Do you people really not realize how completely asinine you sound with these lowbrow comments? I'll give you a hint: did you know that C also has no package manager?
Yeah, and it's also much worse for it. There's a reason everyone in C uses their own linked list implementation and it's not because it's a platonic ideal of perfect software.
Agreed. Getting started with a C or C++ project is such a pain in the ass that I won't even bother. Then there is the fact that unless you have special requirements that necessitate C/C++, those languages have nothing going for them.
"Mature" means that it has mostly developed to its logical conclusion, and its warts are well-documented and understood, as are workarounds for them. It doesn't say anything about "good", although using mature tooling can be good because (for all the warts) you don't have the rug pulled from underneath you every couple of years, as seen in e.g. JS land.
I think C/C++ are mature in the sense that everyone has gotten tired of trying to fix these issues. But I think we're getting further and further from "well understood" as time goes on. Very few practicing software engineers understand all the nuances of header files, C files, object files, static and dynamic linking, and how different compilers & ABI targets interact with all of that stuff. To say nothing of configure scripts, makefiles, automake & autoconf, pkgconfig, cmake and ninja and all the rest.

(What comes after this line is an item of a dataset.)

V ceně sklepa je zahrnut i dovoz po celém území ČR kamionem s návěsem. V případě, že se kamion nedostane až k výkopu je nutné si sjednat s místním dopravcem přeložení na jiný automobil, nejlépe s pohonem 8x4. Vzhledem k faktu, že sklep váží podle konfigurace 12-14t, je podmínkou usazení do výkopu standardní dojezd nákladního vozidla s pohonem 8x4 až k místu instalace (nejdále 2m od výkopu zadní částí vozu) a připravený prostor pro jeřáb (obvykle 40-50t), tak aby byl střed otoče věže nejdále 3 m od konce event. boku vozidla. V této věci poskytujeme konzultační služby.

Just today, I spent 2 hours trying to get an OS kernel (SeL4) to compile for ARM64. This is an officially supported platform. I ran into a series of problems:
- A recent update to sel4 meant I need to set -DCONFIG_ARM_TLS_REG_TPIDRU for thread-local storage. (Leaving it out is a compiler error). This flag isn't in the configuration script - and it took me awhile to figure out how to set it through cmake + ninja.
- The gcc-aarch64-linux-gnu toolchain was recommended somewhere in the docs. On newer versions of gcc, that pulls in libgcc_eh.a, which tries to use _dl_find_object - which is of course linux only. So the build fails.
- So I swapped to gcc14's aarch64-none-elf cross compiler toolchain, which doesn't assume a dynamic linker is available. gcc-aarch64-none-elf isn't available in apt for some reason, even though the 32 bit counterpart is. From there, I ran into a new compiler error. Turns out the arm gcc toolchains are built against an old version of binutils that didn't have support for SHF_GNU_RETAIN. That is needed for the retain macro to work in C. And retain is used by sel4. This is just a compiler warning, but because sel4 promotes all warnings to errors, the build fails. I could have built my own compiler with a newer binutils. But I ended up just disabling the warning, because you only live once. I briefly tried gcc11 because that's recommended elsewhere in the docs, but gcc11 has the same problem.
All of this headache was from trying to build sel4 - which is all straight C, and one of the highest quality C projects I've ever seen. The codebase is mathematically proven to be correct. But oh my goodness, what a horrendous mess it is trying to work with it. And of course, just to try and get the build process going, I needed to install multiple compilers, ninja, cmake, python and a bunch of random python packages, and google's 'repo' tool to manage dependencies. What is this junk.
Personally I'd prefer to work with clang, but I've had enough pain for one day. And I know swapping compilers will for sure break something else.
If sel4 was written in zig or rust, it would be 10x easier to build and work with. Zig handles cross compilation to any supported platform out of the box. Rust can install toolchains trivially with rustup. Rust also has consistent stability guarantees, ensuring code doesn't "rot" with new compiler versions. And of course, both handle dependencies much, much better. And no need for cmake / ninja / random python scripts to compile. Zig and rust also don't behave differently based on someone else's binutils version. Wtf.
If C is too "mature" to fix these problems, I'm going to switch languages. Sel4 is only 20k lines of code. I wonder if it'd be less work to port it to zig than work with it in C. (I'd consider rust, but rust code can't prevent panics.)